As a music educator, he released in 2008 his educational CD album, “From Bach To Gershwin: A Musical Journey”  (Universal Music Hong Kong 480102-0). The Audio Land Magazine calls it a "rare successful album that Hong Kong can be proud of." He has also been appointed a Guest Professor  by the Central Conservatory of Music EOS Orchestra Academy and an Honorary Artist-in-Residence by the Hong Kong Institute of Education. He is also co-currently serving as the Music Director of his alma mater, St. Paul's Co-educational College in Hong Kong.

His latest recording "Ebony and Ivory" (2013), with clarinetist Andrew Simon on Naxos garnered no fewer than nine favourable reviews worldwide. The Fanfare Magazine calls it "a winner".

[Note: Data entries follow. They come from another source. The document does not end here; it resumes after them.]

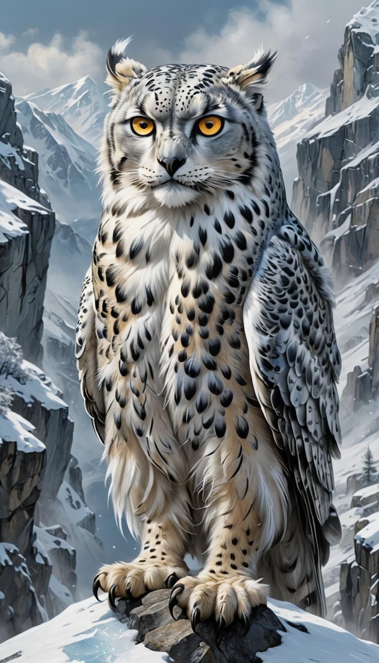 A striking picture of a snow leopard and snowy owl hybrid standing on a snowy mountain ledge. The digital painting features soft textures, icy blue tones, and a fantasy realism aesthetic.
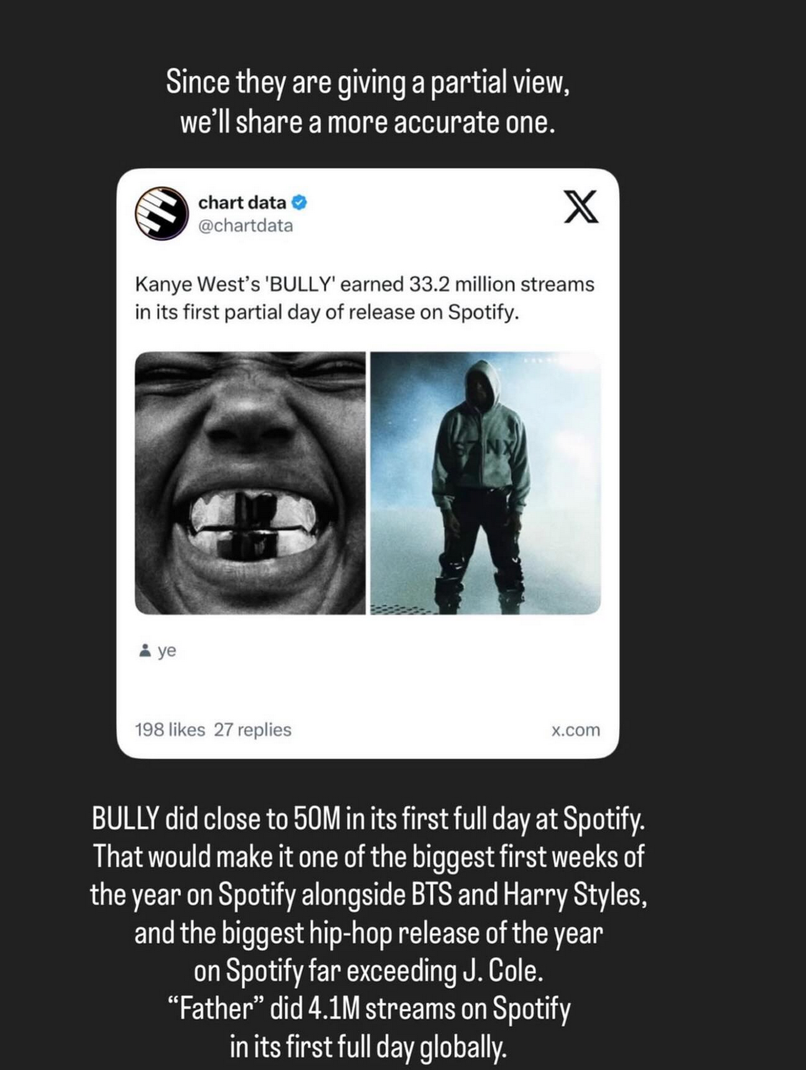 Według ich oświadczenia, rzeczywisty wynik miał wynosić nawet blisko 50 milionów streamów w pierwszym pełnym dniu na Spotify. Jeśli te dane są prawdziwe, „Bully” byłoby jednym z największych debiutów roku.
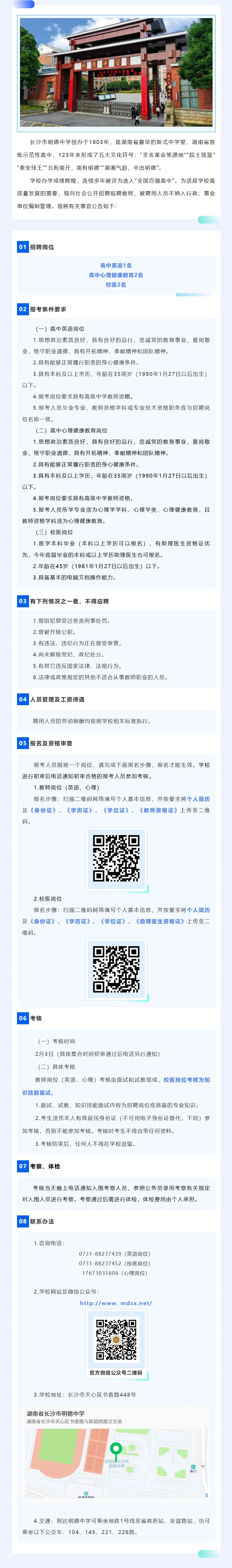2026年长沙市明德中学春季临聘教师及校医招聘公告
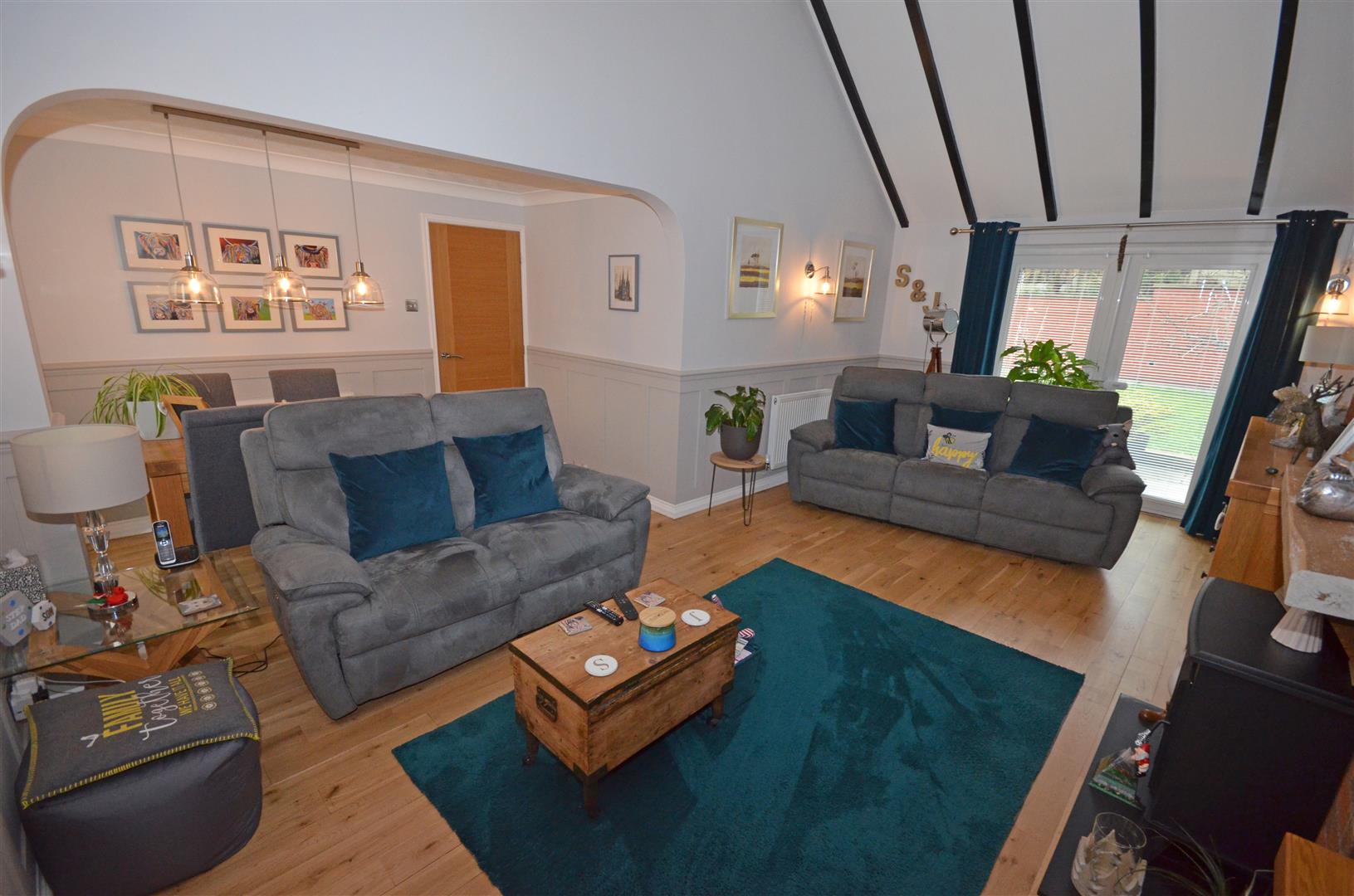 Superb open plan lounge & dining room with feature exposed brick wall and elevated ceiling, three windows and double glazed patio doors leading to the rear garden, Oak wooden flooring, TV aerial point, decorative wood panelled walls, wall light points, ceiling cornices, radiators.

As a composer, his choral works are published by Pavane Publishing (USA), Profiri & Horvath (Germany); and his series of Piano Sight-reading Method is due for release by Brio Music Press (Hong Kong). His a cappella choral work, "House Rules" won the Second Prize of the Gianni Bergamo Awards in 2013 in Switzerland.

Lee also holds an MBA degree from the Hong Kong University of Science and Technology and is elected to the Beta Gamma Sigma.

As a renowned pianist, Lee was hailed by critics as a pianist:

References

External links 
Warren Lee website
Warren Lee discography at Naxos Records
Universal Music Group - Warren Lee

Living people
Hong Kong pianists
Alumni of St. Paul's Co-educational College
21st-century pianists
Year of birth missing (living people)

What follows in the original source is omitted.